The Turner Diaries was written by William Luther Pierce. Pierce was both founder and leader of the National Alliance organization, which the Anti-Defamation League called in 2000 "the single most dangerous organized hate group in the United States today" (largely as a result of Pierce's authorship of The Turner Diaries). Pierce himself was said by the Southern Poverty Law Center to have been "America’s most important neo-Nazi" as well as "the movement’s fiercest antisemitic ideologue".

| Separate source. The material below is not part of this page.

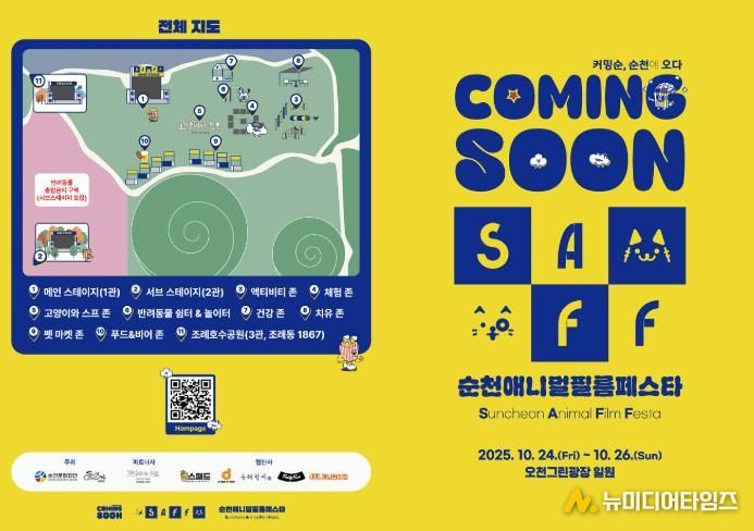 순천시와 순천문화재단에서 오는 24일부터 26일까지 3일간, 반려동물과 함께 즐길 수 있는 특별한 야외 영화축제 ‘2025 순천애니멀필름페스타(SAFF)’를 공동으로 개최한다.

Pierce was a physicist who received his doctorate from the University of Colorado, and a former professor at Oregon State University. He was formerly a member of the John Birch Society (JBS), before leaving the JBS to become an affiliate of George Lincoln Rockwell and his American Nazi Party (ANP). He edited the ANP-affiliated magazine National Socialist World. After Rockwell's 1967 murder, Pierce became a member of the ANP's successor, the National Socialist White People's Party, before leaving due to several internal feuds and joining the National Youth Alliance (NYA). He edited their journal, Attack! When the NYA collapsed, Pierce founded the National Alliance out of what remained. With his schism from the NYA, he took over Attack!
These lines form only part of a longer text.